The fifth-grade girls slipped past Be Vang on the stairs, balancing snacks and cartons of milk on lunch trays, just a half-hour before a graduation celebration.
"I'll be right down," Vang called to them as she headed to her office as assistant principal at Phalen Lake Hmong Studies Magnet School on St. Paul's East Side.
Not everyone knows it, but fifth grade was a turning point for Vang as a child, the first step in a path that will take her next fall to a new assignment as principal at Mississippi Creative Arts School.
Be Vang, in many ways, represents the present and future of St. Paul public schools.

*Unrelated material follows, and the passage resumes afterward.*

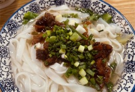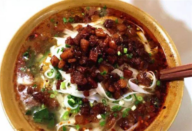 那米粉、原湯、佐料都是當地的原汁原味。米粉的米,多來自海拔四百到六百米高度種的水稻,稻谷顆粒飽滿。浸泡后的米脹得更加飽滿。這樣的米磨出來的漿稠糊有度。米漿在蒸盤里攤平,蒸一小會兒,凝結成一張厚薄適宜的米皮。把米皮揭起來晾著,待熱氣逐漸退散,米皮會變得輕薄透亮。再隔上一陣子,米皮上的水分就慢慢蒸發干。至于把米皮切寬切窄隨意。底湯、臊子及蔬菜也有講究。底湯的原料搭配是私家秘笈,蔬菜的配置倒簡單,以空心菜和萵筍為主,臊子的肉不能太肥也不能太瘦,要腿子肉、夾子肉才好。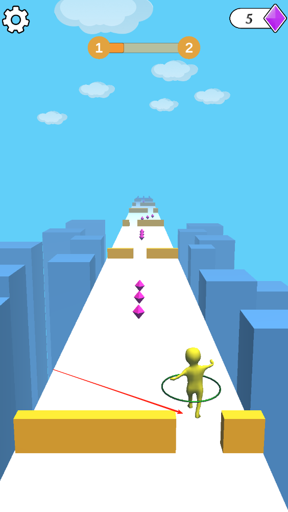 1、观察当前关卡的障碍分布和钻石位置,控制橡皮人启动呼啦圈并尝试向前移动,熟悉保持呼啦圈不掉落的基本操作。

On Monday, she closed out a year as assistant principal, the last of three during which she learned the administrative ropes while discussing issues of leadership and race — hot topics in a district committed to erasing achievement disparities through sometimes bold self-examination — with friend and mentor Deborah Shipp, a veteran St. Paul schools administrator who is black.
At Mississippi Creative Arts, Vang said, she brings skills she is proud of as well as a desire to contribute, specifically, "as a Hmong person."
She embraces the role as an inspiration to Hmong-American children in a district with few other high-ranking Hmong-American administrators. This despite the fact Asians constitute the district's largest ethnic group and the district loses hundreds of Hmong-American children annually to two charter schools that district proponents acknowledge have stronger personal connections with local families.
District leaders, however, see Vang as an educator on the rise.